The following is a more complete example:
doca_error_t result;
// Check for Ability to read perf counters group 1
result = doca_telemetry_pci_cap_perf_counters_1_is_supported(devinfo);
if(result != DOCA_SUCCESS)
// Capability is not supported or an error occoured, stop
// Check any sub capabilities if you require those fields
// Create PCI telemetry
struct doca_telemetry_pci *pci_telem;
result = doca_telemetry_pci_create(dev, &pci_telem);
if(result != DOCA_SUCCESS)
// Handle failure to create telemetry instance
// Start PCI telemetry
result = doca_telemetry_pci_start(pci_telem);
if(result != DOCA_SUCCESS)
// Handle failure to start telemetry instance
// Read perf counters group 1
struct doca_telemetry_pci_dpn dpn = {0, 0, 0};
struct doca_telemetry_pci_perf_counters_1 counters= {};
result = doca_telemetry_pci_read_perf_counters_1(pci_telem, dpn, &counters);
if(result != DOCA_SUCCESS)
// Handle failure to read data
// Use the data
// Cleanup
doca_telemetry_pci_stop(pci_telem);
doca_telemetry_pci_destroy(pci_telem);
Retrieving Latency Histogram
Using a running doca_telemetry_pci context which supports latency histogram the user must first call doca_telemetry_pci_get_latency_histogram_dimensions to learn the correct dimmensions of the histogram.
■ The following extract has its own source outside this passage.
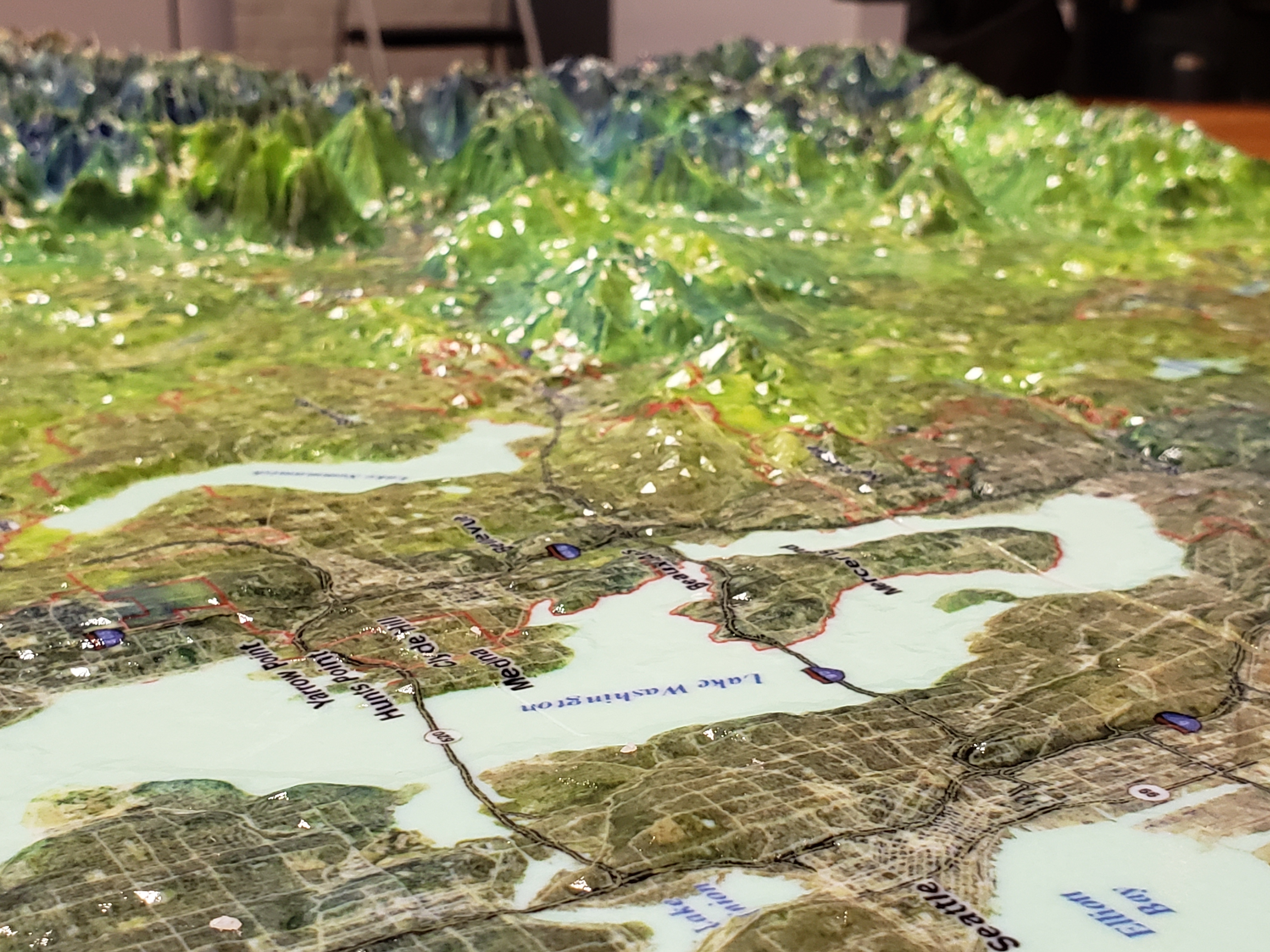 Editor’s Note: GIS & You is publishing two companion articles describing a project to create a physical 3D model of King County. Each article is written from the perspective of one of the two analysts who worked through the process to make the model a reality. Please see the accompanying article titled “Converting digital terrain data into a 3D printed model of King County” for a more complete picture of this complex effort.

They can then allocate an array of histogram values and then finally they can call doca_telemetry_pci_read_latency_histogram as many times as they like to get the most recent data available with each call.
The following is a more complete example:
doca_error_t result;
// Check for Ability to read perf counters group 2
result = doca_telemetry_pci_cap_latency_histogram_is_supported(devinfo);
if(result != DOCA_SUCCESS)
// Capability is not supported or an error occoured, stop
// Create PCI telemetry
struct doca_telemetry_pci *pci_telem;
result = doca_telemetry_pci_create(dev, &pci_telem);
if(result != DOCA_SUCCESS)
// Handle failure to create telemetry instance
// Start PCI telemetry
result = doca_telemetry_pci_start(pci_telem);
if(result != DOCA_SUCCESS)
// Handle failure to start telemetry instance
// Learn the histograms dimmensions
struct doca_telemetry_pci_dpn dpn = {0, 0, 0};
uint32_t bucket_count;
uint32_t bucket_width_ns;
result = doca_telemetry_pci_get_latency_histogram_dimensions(pci_telem, dpn, &bucket_count, &bucket_width_ns);
if(result != DOCA_SUCCESS)
// Handle failure to get histogram dimmensions
// Allocate memory to hold histogram data
uint64_t* buckets_arr = malloc(bucket_count * sizeof(uint64_t));
if( buckets_arr == NULL)
// Handle failure to allocate memory
// Fetch histogram data
result = doca_telemetry_pci_read_latency_histogram(pci_telem, dpn, buckets_arr);
if(result != DOCA_SUCCESS)
// Handle failure to read data
// Use the data
// Cleanup
free(buckets_arr);
doca_telemetry_pci_stop(pci_telem);
doca_telemetry_pci_destroy(pci_telem);
DOCA Telemetry PCI supports only CPU-based datapaths.